Fourier expansion (i cant understand a thing darn)

[kring_c14]

Homework Statement

what is the Fourier expansion of the periodic function whose definition in one period is


f(t)= {^{0}_{1} ^{-\pi \leq t < 0}_{sint 0\leq t \leq \pi}

uh sorry about the small font
i don't know how to make it bigger


about the question,

as much as i would like to even attempt a solution but the fact is, i can't understand the concept behind the Fourier expansion!

i really need some help.. its our quiz tomorrow.. and

the only thing i figured out is what equation to use if a function is odd or even

beyond that, nada! zip!...

i would really appreciate your help
a gazillion thanks everybody..

just a little bit of enlightenment about this expansion would really help...its not really about the question...

a gazillion thanks again

 

[kring_c14]

uhmmm pls help me!

 

[HallsofIvy]

It's not at all clear what you are asking!

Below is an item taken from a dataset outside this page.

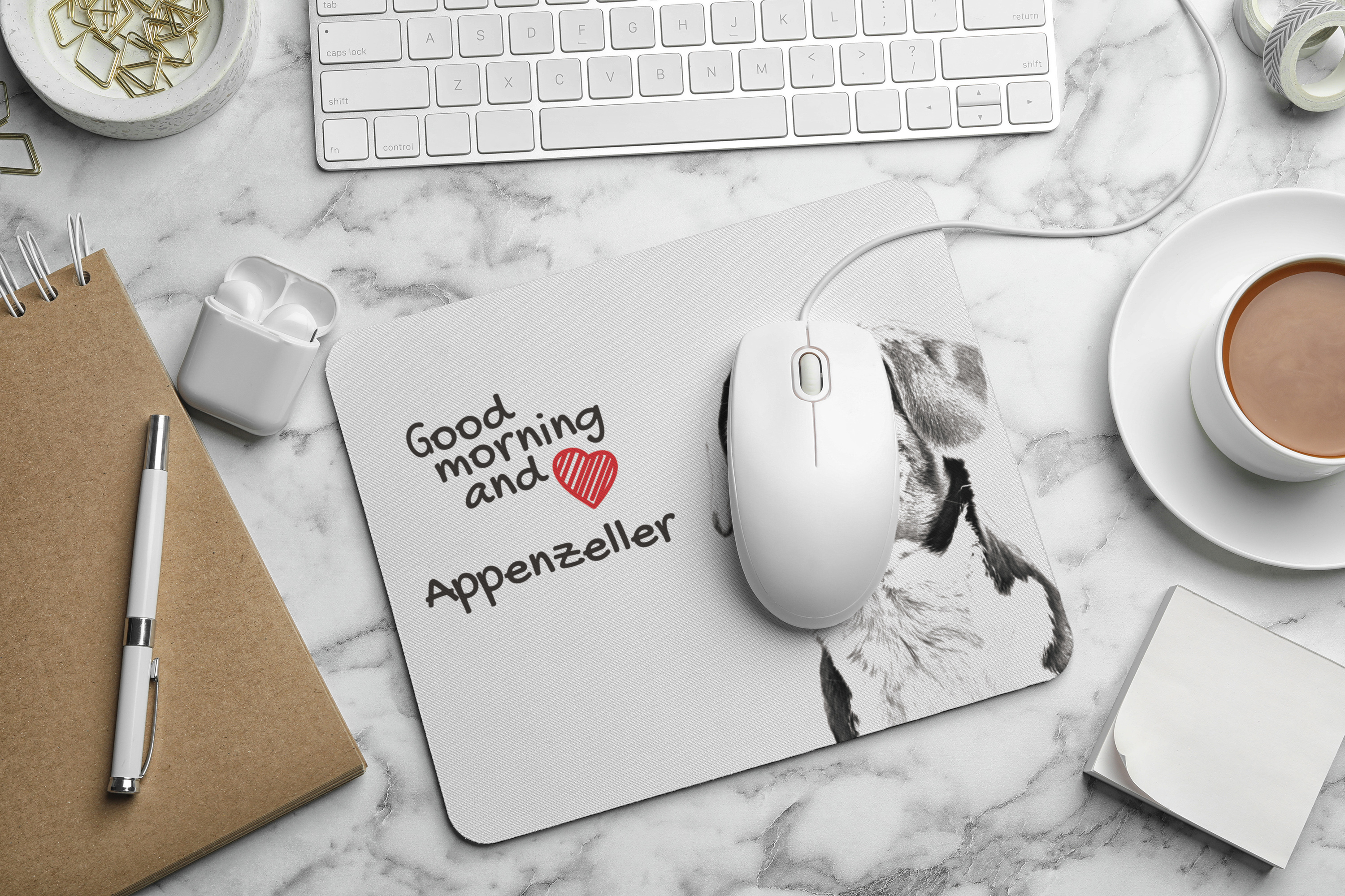 Appenzeller - muismat met bedrukking, gepersonaliseerde muismat met hond, uniek gadget voor kantoorpersoneel van het merk Art-Dog Art-Dog

A Fourier expansion is a sum of sin(nx) and cos(nx) for all positive integer n:
f(x)= \sum_{n=0}^\infty A_n cos(nx)+ B_n sin(nx)
(Of course, for n=0, sin(nx)= sin(0)= 0 for all x so you can ignore B₀.)

Here your interval, from -\pi to \pi has length 2\pi which is the standard example. I could look up the formulas for the A_n and B_n but they should be in your textbook.

 

[genneth]

"The concept behind Fourier expansion"... Hmm, that's a tough one. The abstractions could just go on and on... One way I used to visualise them was as an alternative way to approximate things, apart from a Taylor expansion. So a Taylor expansion about a point gives successively better approximations of a function near a particular point, by using terms such as (x-x_0)^n, and you work out the coefficients by doing differentiation. A Fourier series is another way to approximate a function, but more globally -- so each term reduces the error, not only near some expansion point, but all over the entire function; the terms are cos and sin, and the coefficients are calculated using integration.

As far as even/odd goes, you know that sin is odd and cos is even? Therefore, a sum of sin's is still odd, and sum of cos's is even. So even functions would only have cos terms, and odd functions sin's.

 

[kring_c14]

i just want to know, is finding the Fourier expansion just the same as Fourier transformation?

 

[genneth]

A Fourier transformation is what you get when you relax the condition that the function is periodic. Alternatively, you take the limit where the period goes to infinity. There are also other ways to characterise it, but this is probably the most relevant for you.

 

[kring_c14]

yes it is...thank you..